## [TASK TO COMPLETE]
Could you restate the whole listing below word for word, minus the pictures?

## [AVAILABLE DATA]
########################################

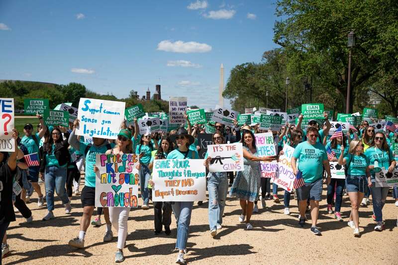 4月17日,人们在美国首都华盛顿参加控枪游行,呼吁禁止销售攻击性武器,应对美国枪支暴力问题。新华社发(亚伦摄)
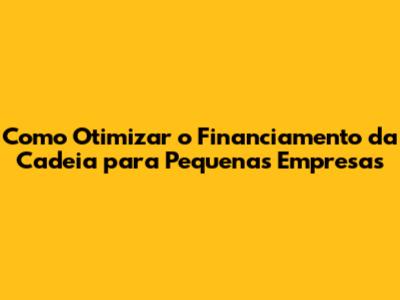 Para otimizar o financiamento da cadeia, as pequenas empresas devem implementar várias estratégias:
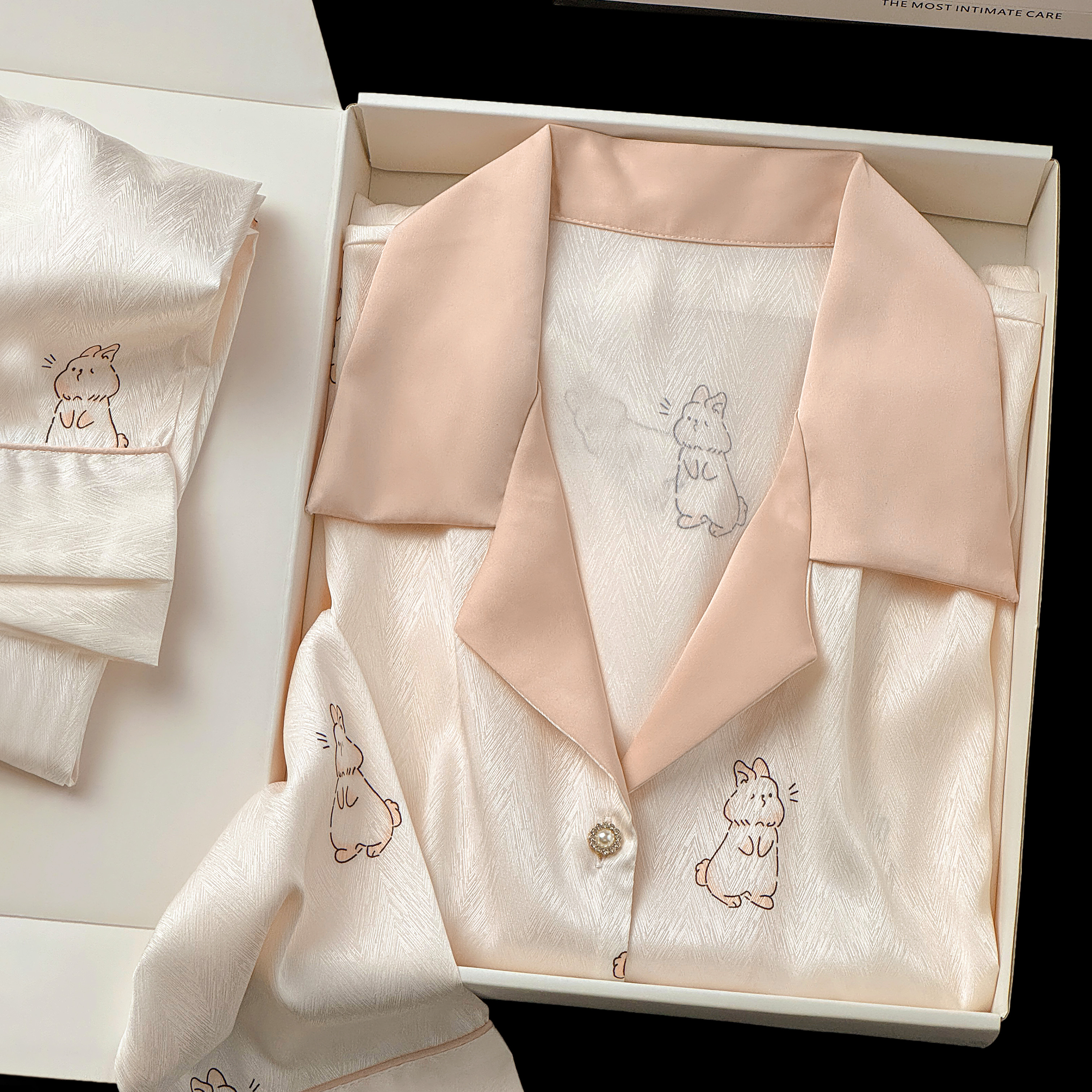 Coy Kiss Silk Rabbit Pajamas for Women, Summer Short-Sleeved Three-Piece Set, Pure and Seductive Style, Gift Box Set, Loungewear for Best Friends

########################################

## [ANSWER SPACE]
 4月17日,人们在美国首都华盛顿参加控枪游行,呼吁禁止销售攻击性武器,应对美国枪支暴力问题。新华社发(亚伦摄)
 Para otimizar o financiamento da cadeia, as pequenas empresas devem implementar várias estratégias:
 Coy Kiss Silk Rabbit Pajamas for Women, Summer Short-Sleeved Three-Piece Set, Pure and Seductive Style, Gift Box Set, Loungewear for Best Friends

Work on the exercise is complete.